Hello,
I have some trouble with AutoLoader. Currently we use many diffrent source location on ADLS to read parquet files and write it to delta table using AutoLoader. Files in locations have the same schema.
Every things works fine untill we have to add new source location for existing table.
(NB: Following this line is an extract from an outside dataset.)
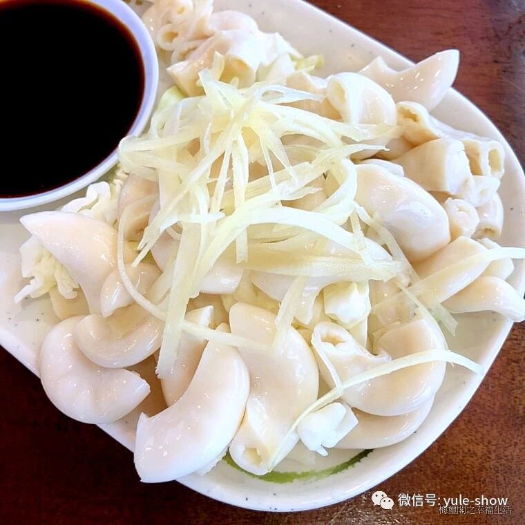 说是“白切”,这生肠可真是白啊!完全可用“羊脂白玉般”来形容了。圆圆弯弯的一截截,很是可爱。挟一条,就着姜丝,蘸一点酱油膏,吃口很Q,“Q”是台湾话,很有弹性的意思。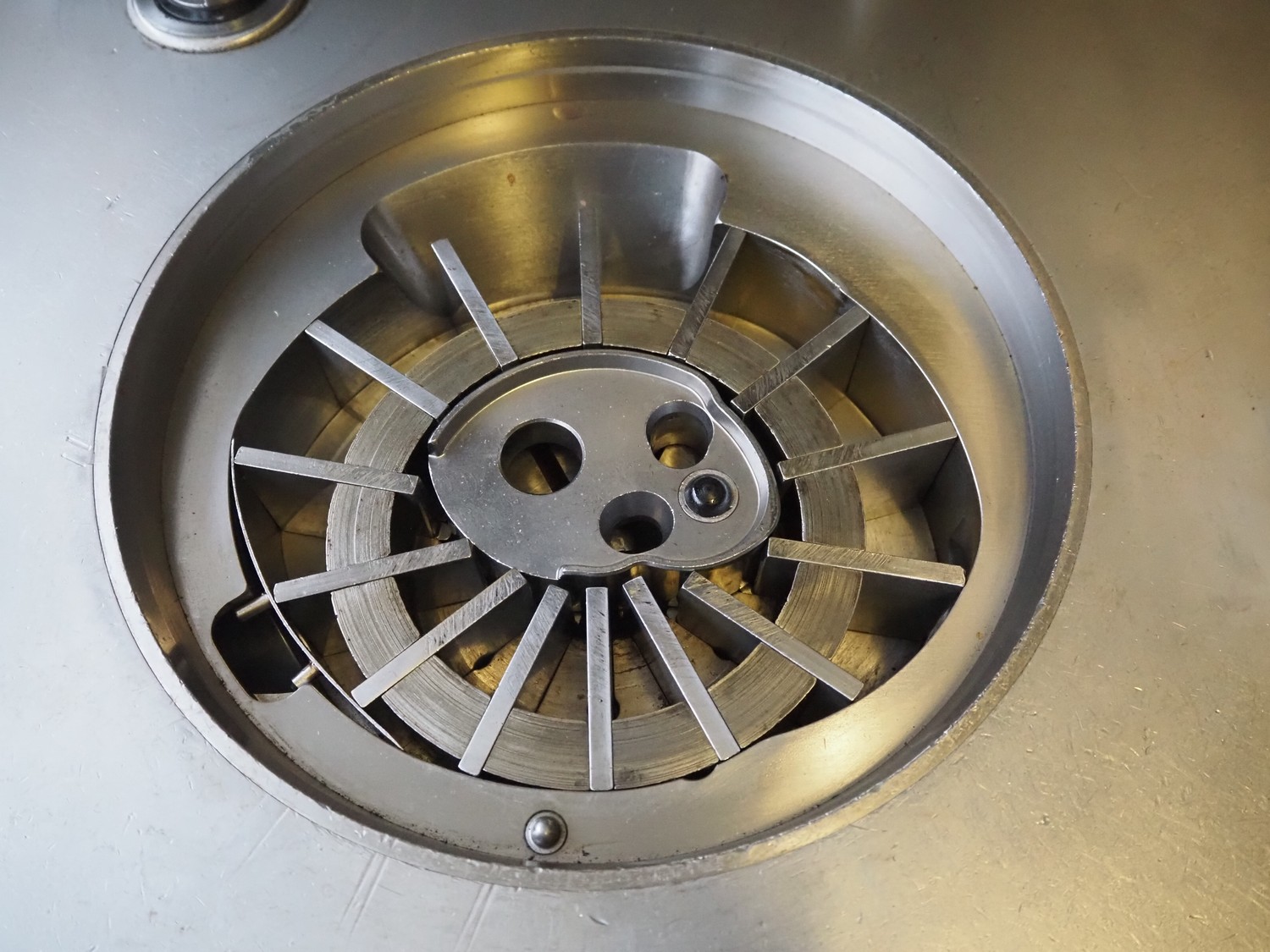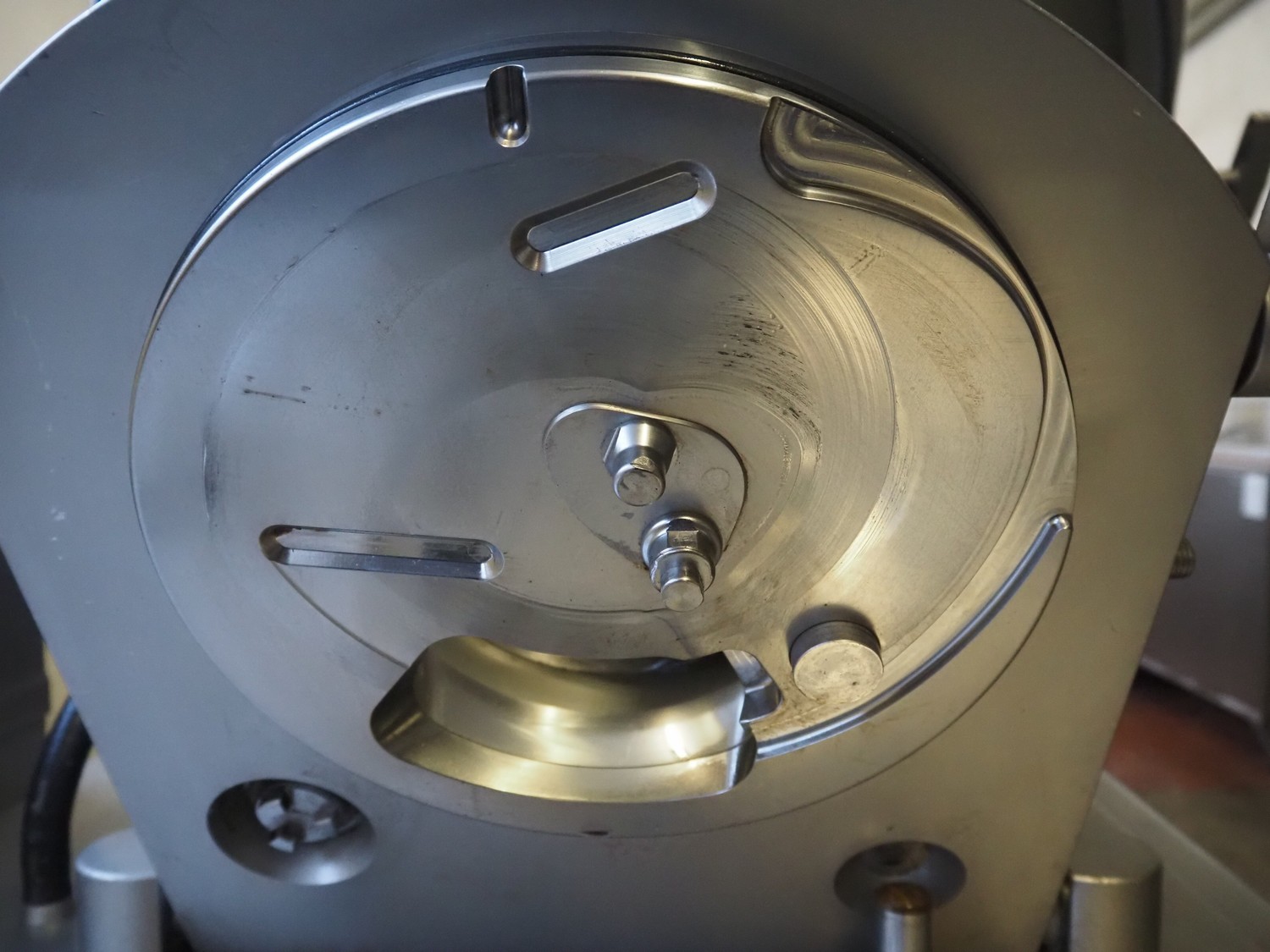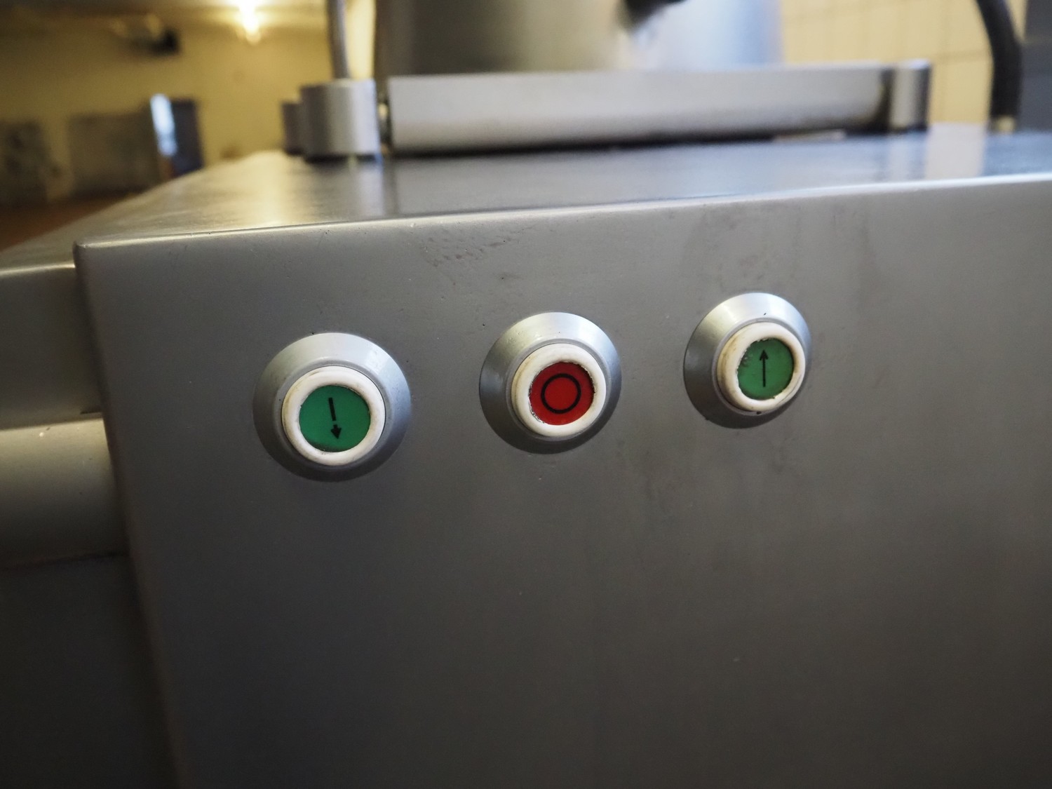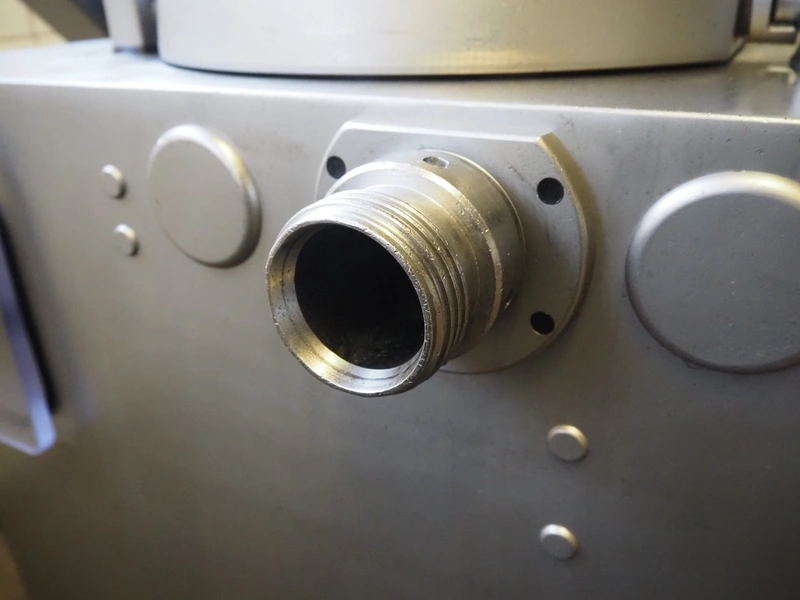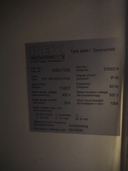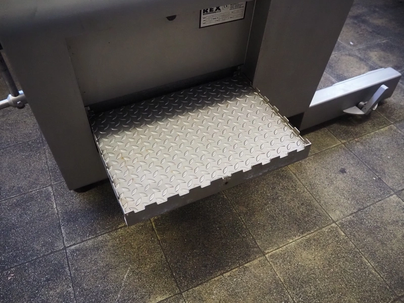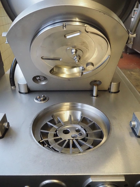 Rex Technologie vacuum filling machine with lifter for 200 liter meat bins, type: RVF 736, machine number: 73611210116, year of construction: 2018, 400 V, 3 Ph, 50/60 Hz, 35 A, 13 kW, Busch vacuum pump, type: KC 0025 F 100, serial number: D17472150, capacity: 30 m³/per hour, dimensions: 1770 mm x 1380 mm x 2060 mm.

In this case the error has thrown:
There are [2] sources in the checkpoint offsets and now there are [3] sources requested by the query
Our implementation of AutoLoader:
CloudFile config:
cloudFile = {
"cloudFiles.usenotifications": False
, "cloudFiles.format": self.source_format
, "cloudFiles.schemaLocation": self.al_output_path_schema
, "cloudFiles.inferColumnTypes": True
, "cloudFiles.validateOptions": True
}
AutoLoader run:
df = self._al_readStream_from_paths()
df.writeStream\
.foreachBatch(lambda df, epoch_id: self._al_NAV_augment_base_stream(epoch_id, df))\
.option( "checkpointLocation", self.al_output_path_checkpoint )\
.option("mergeSchema", "true")\
.queryName(f'_process_{self.source_mnt}_{self.target_name}')\
.trigger(availableNow=True)\
.start().awaitTermination()
_al_readStream_from_paths definition:
def _al_readStream_from_paths(self) -> None:
list_of_paths = self._get_list_of_paths()
if list_of_paths == []:
df_single_path = self._al_readStream( source_path=self.source_path )
return df_single_path
else:
df_unioned = None
for path in list_of_paths:
df_single_path = self._al_readStream( source_path=path )
if df_unioned is None:
df_unioned = df_single_path
else:
df_unioned = df_unioned.union(df_single_path)
return df_unioned
_al_readStrem def:
def _al_readStream(self, source_path) -> DataFrame:
cloudFile = self._al_get_cloudFile_options()
df = spark.readStream\
.format("cloudFiles")\
.options(**cloudFile)\
.load(source_path)
return df
_al_NAV_augment_base_stream used in writeStream include augument of df such as adding linegae columns etc.
My question is how to add new source location in proper way that not cause "There are [2] sources in the checkpoint offsets and now there are [3] sources requested by the query".